Hakin-Wei is head of the FOCUS HIV testing program at Grady Hospital. The hospital also has the distinction of being the only emergency department in the city that offers a HIV test to every patient regardless of why they came in.
“When we diagnose patients with HIV, the first time we are telling them they’ve been infected with HIV, we know that among our patients at Grady, nearly half of them have AIDS the day we diagnose them,” said Hankin-Wei.
Officials say there are at least 50 places you can get tested in the Atlanta area.
“Despite that, there are patients who aren’t going to get those tests. And they aren’t going for a decade,” Hankin-Wei said to WABE.
According to studies, you can live eight to 10 years for untreated HIV before it advances to clinical AIDS. Across Georgia, the study concludes, about a third of the people who find out they’re positive fall into this category of late diagnosis.

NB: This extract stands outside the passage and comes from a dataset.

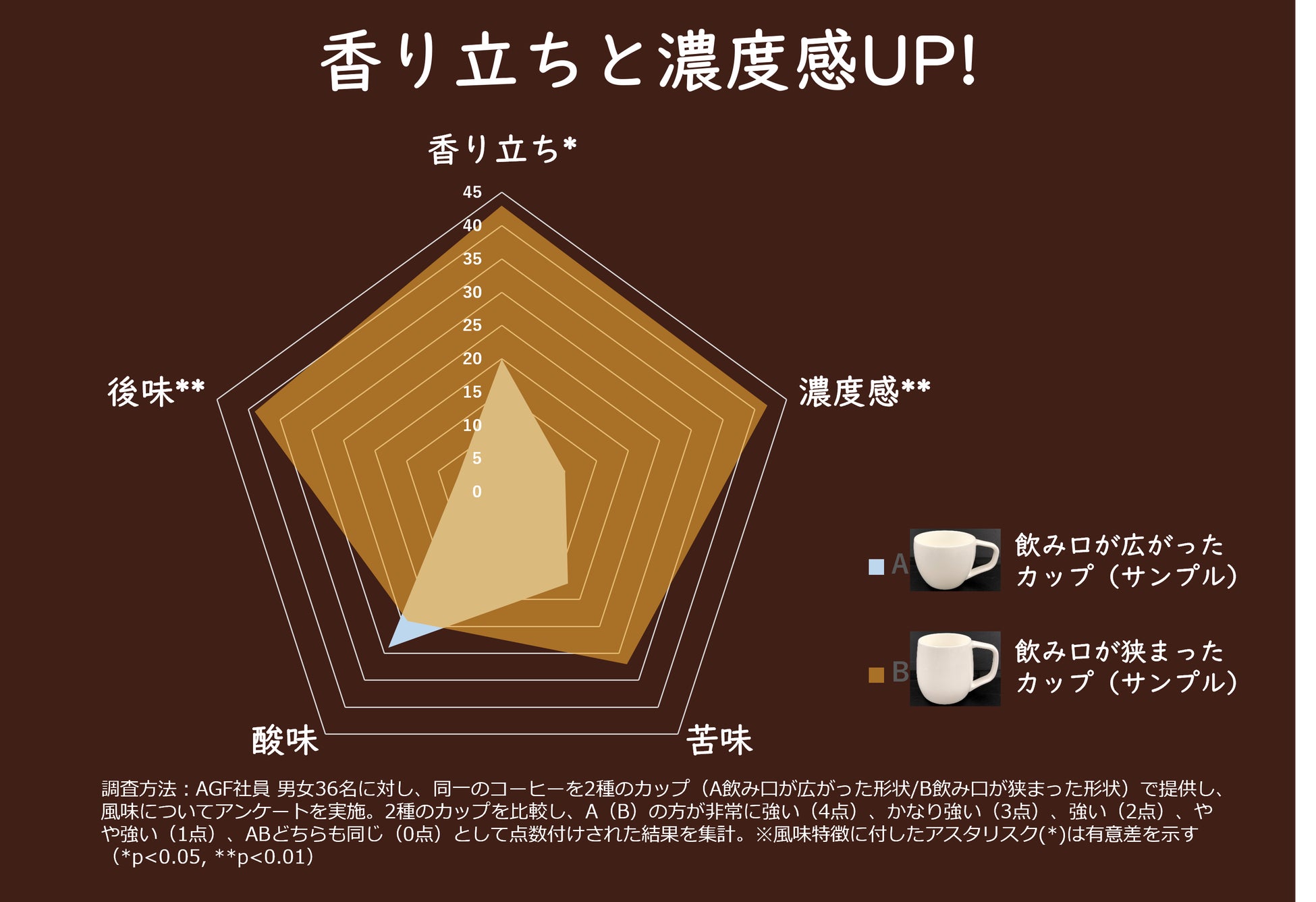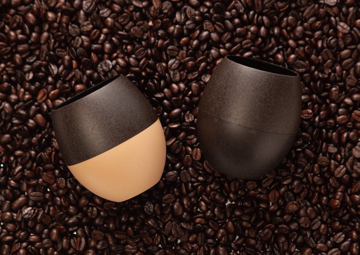 味の素AGFの工場でコーヒー豆の品種の切り替え時に生じるコーヒーの副産物や規格外の コーヒーを原料にして作られたカップです。<Black>と<Latte>の2種を開発しました。味の素AGFのコーヒー開発の知見を活かし、味覚・嗅覚研究を経て、「コーヒーの香りがひきたつ」形状を実現しました。広い液面からうまれた香りをカップ内にとどめるデザインにすることで芳しい香り立ちを際立たせ、コーヒーの味わいをはっきりと感じることができます。下半分は二重構造となっているため熱が逃げづらく、コーヒーの温度が長持ちします。

While individuals definitely bear a brunt of the blame for not getting tested, the state of Georgia has done very little to help the situation…
Dazon Dixon Diallo is the president of Sister Love, a community-based AIDS treatment and advocacy group in Atlanta.
“We shouldn’t even be talking about AIDS anymore these days, and yet we still are,” Diallo said.
“It’s not acceptable to have a zero line item for HIV prevention … It’s unacceptable to not have expanded Medicaid to include HIV testing. It’s not acceptable to have any health department in the state of Georgia that’s currently not trained, equipped and implementing rapid testing … You want me to go on? It’s just a lot,” she said.